* [Listed entries]:

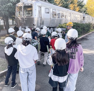 冒頭で同社の渡邉敦総務部部長が「日本の大手鉄道車両メーカーは5つあるが、関東にあるのは当社のみ。従業員が心を込めてつくっているので、ぜひ鉄道車両を好きになってもらえれば」とあいさつ。その後、児童は軍需工場跡地に建てられた広大な敷地にある工場の一部を見学して回った。
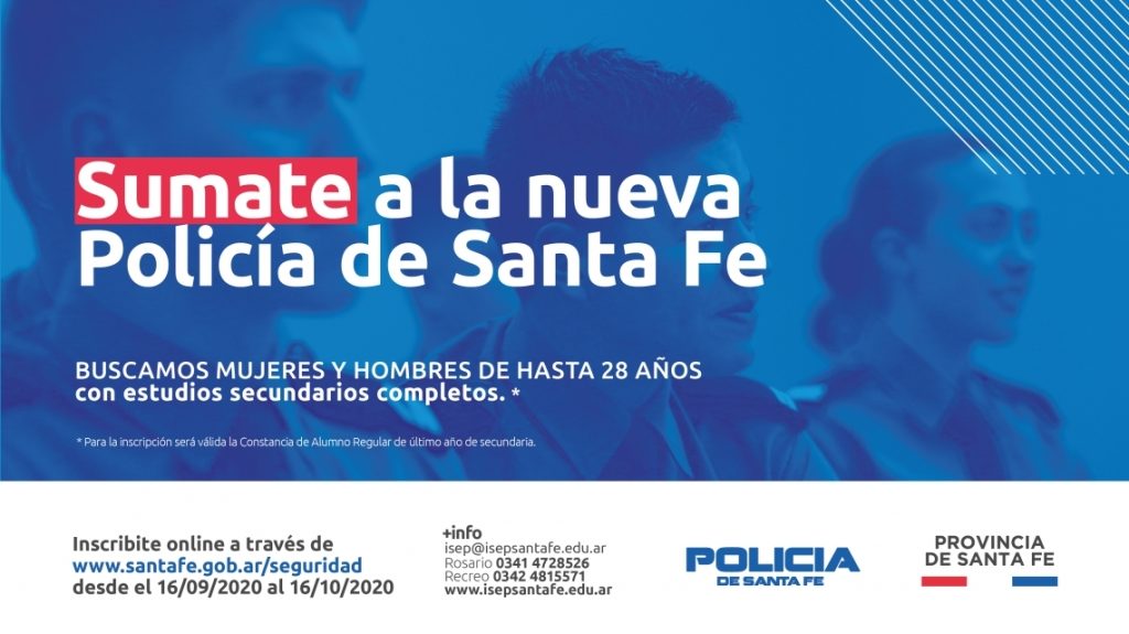 El gobierno provincial, a través del Ministerio de Seguridad, abre la inscripción para la carrera de Técnico Superior en Seguridad Pública y Ciudadana para formar parte de la Policía de la provincia de Santa Fe.
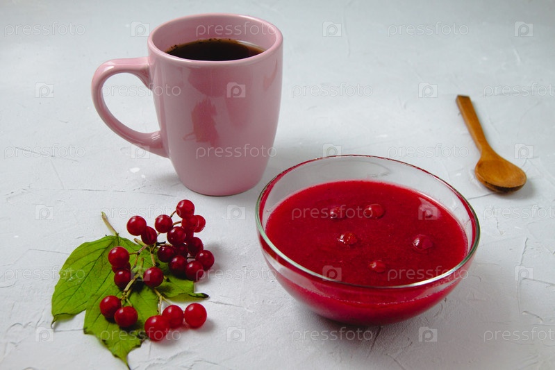Осенняя композиция с вареньем из калины, ветвями и листьями калины, белым льняным полотенцем, розовой чашкой и деревянной ложкой. Концепция завтрака
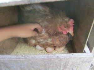 ニワトリのお腹の下で温められている卵にそーーっと手をのばします。
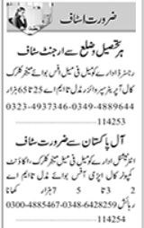Apply as per details in job advertisement. Login to view further details of how to apply via https://www.jobz.pk online.
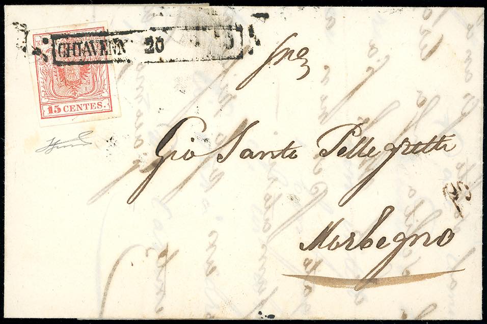 CHIAVENNA, R50 punti 12 - 15 cent. rosso, I tiratura (3a), perfetto, su lettera del 20/9/1850 per Morbegno. Pregevole annullamento.
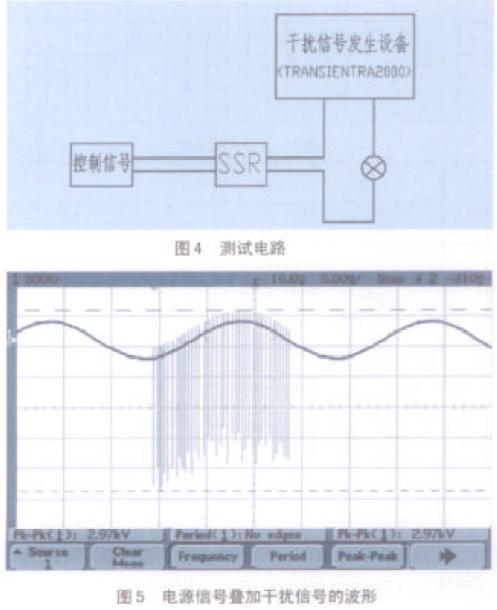 圖4 所示為測試電路。對SSR 來說,有信號(hào)源(穩(wěn)壓電源)、小于1 米的連線、負(fù)載及有關(guān)儀器;圖5 為電源信號(hào)疊加干擾信號(hào)的波形。

* [Description of the task]: Your reply should consist only of the lines running from the line with "El gobierno provincial, a" to the end of the entries, both included, copied exactly and without any pictures.

* [Exercise solution]:
 El gobierno provincial, a través del Ministerio de Seguridad, abre la inscripción para la carrera de Técnico Superior en Seguridad Pública y Ciudadana para formar parte de la Policía de la provincia de Santa Fe.
Осенняя композиция с вареньем из калины, ветвями и листьями калины, белым льняным полотенцем, розовой чашкой и деревянной ложкой. Концепция завтрака
 ニワトリのお腹の下で温められている卵にそーーっと手をのばします。
Apply as per details in job advertisement. Login to view further details of how to apply via https://www.jobz.pk online.
 CHIAVENNA, R50 punti 12 - 15 cent. rosso, I tiratura (3a), perfetto, su lettera del 20/9/1850 per Morbegno. Pregevole annullamento.
 圖4 所示為測試電路。對SSR 來說,有信號(hào)源(穩(wěn)壓電源)、小于1 米的連線、負(fù)載及有關(guān)儀器;圖5 為電源信號(hào)疊加干擾信號(hào)的波形。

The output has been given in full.